Madam Speaker, from mid-April through the end of May, Alberta saw the highest rate of infection in North America from COVID-19. Fourteen separate outbreaks at oil sands work camps made the Regional Municipality of Wood Buffalo, home to a mere 70,000 people, the epicentre of COVID infections in Canada.
Jason Kenney blames the high infection rate on indigenous people's vaccine hesitancy despite the very obvious fact that the COVID infections were spreading from the oil camps that his government deemed essential. Kenney's racist scapegoating did, however, bring attention to indigenous communities in Alberta and across Canada and to the challenges that these communities face in a global pandemic. Without adequate housing, health care and other basic infrastructure, the threat this virus and all infectious diseases pose to indigenous communities is acute.
I want to thank the government for its targeted vaccine distribution to indigenous communities and for getting COVID-19 emergency support to them during this crisis. It was useful during an emergency, in this emergency, not the emergency that we are currently seeing in northern Ontario. However, it does beg the question: Why does it take an emergency as serious as a global pandemic for the government to do the right thing?
Kenney's scapegoating of indigenous communities in Wood Buffalo was disgusting, but it was built upon Canada's legacy of genocide against indigenous people and on the current government's continual refusal to meet its obligations.
A shockwave went through the country just a couple of weeks ago when the unmarked burials of 215 children were discovered at the site of the former Kamloops Indian Residential School. These children, as young as three years old, died in a genocide. They died in a system designed to kill the Indian in the child, the very definition of a genocide, an attempt to destroy the identity, language, culture and familial connections that define a people and hold them together. These children died along with thousands of other children across 100 residential schools because they were an inconvenience to European settlers and they were in the way.
Now, as hundreds more unmarked burials of children are found at sites, the shock will subside but the shame will continue. Of the 94 calls to action issued by the Truth and Reconciliation Commission in 2015, how many has the government enacted? Five and a half years ago, the Prime Minister promised to implement all the recommendations. Five and a half years ago, even the government's own website, which has the most glowing account of the government's response that one could possibly find anywhere, clearly demonstrates the government's failure.

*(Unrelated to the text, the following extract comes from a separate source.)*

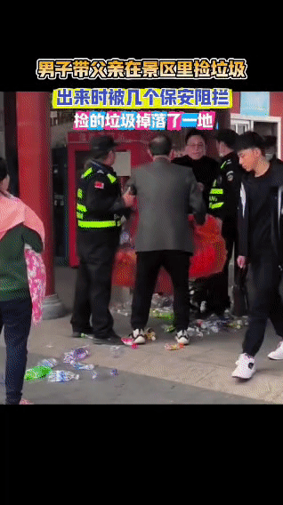 国庆期间,一男子带着父亲去景区游玩,在此期间,老父亲发现景区里有很多空瓶子,忍不住去捡,男子呢,也非常孝顺,并没有阻止老父亲,而是陪着他一起捡。于是,父子俩带着几个大袋子来到景区,一边欣赏美景,一边捡拾游客丢弃的空瓶子。 他们沿着景区步道,仔细地把空瓶子一一收入袋中,看着逐渐装满的袋子,心里满是成就感。 等他们捡完垃圾,准备离开景区时,几个保安却拦住了他们。双方就此产生了争执。在拉扯和争执过程中,张先生和父亲辛苦捡来的垃圾散落了一地,场面有些混乱,周围的游客也纷纷投来关注的目光。 友友们,你们知道为什么保安会拦着他们吗?带父亲旅游 孝顺 捡瓶子 作者声明:前面捡垃圾的过程根据动图里描述的内容编的,最后被拦下是真实的哈[奸笑]
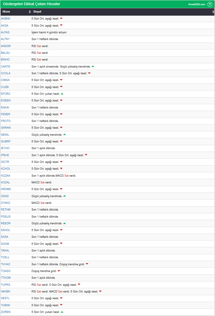 Göstergelerin Kullanımında Dikkat Edilmesi Gereken Hususlar: Göstergeler, hisse senedi seçiminde tek başına yeterli değildir. Teknik Analiz Literatüründe yaygın olan, gösterge kullanımı dikkate alınarak veriler hesaplanmıştır. Diğer teknik analiz yöntemleri ile birlikte kullanılmalıdır. Burada ön plana çıkan hisse senetleri, diğer teknik analiz yöntemleri ve temel analizle desteklendikten sonra tutarlı sonuçlar elde edilebilir. Osilatör ve göstergelerin fiyat hareketine karşı duyarlı oldukları unutulmamalıdır.

Addressing the genocide of the past, not even providing for the smallest ask of the TRC for support so that indigenous communities could find their children's unmarked burials is one type of failure. However, continuing that genocidal legacy by taking residential school survivors to court, by fighting indigenous children seeking their basic rights in court is a failure of a whole other level. That is shameful.
A few months ago, we learned that the government spent over $3 million to fight the release of documents from St. Anne's residential school in Ontario, more than was requested to find burials. It spent $3 million of Canadians' money to keep residential school survivors and their family members from learning the truth about St. Anne's.
That was today. When will this genocide end?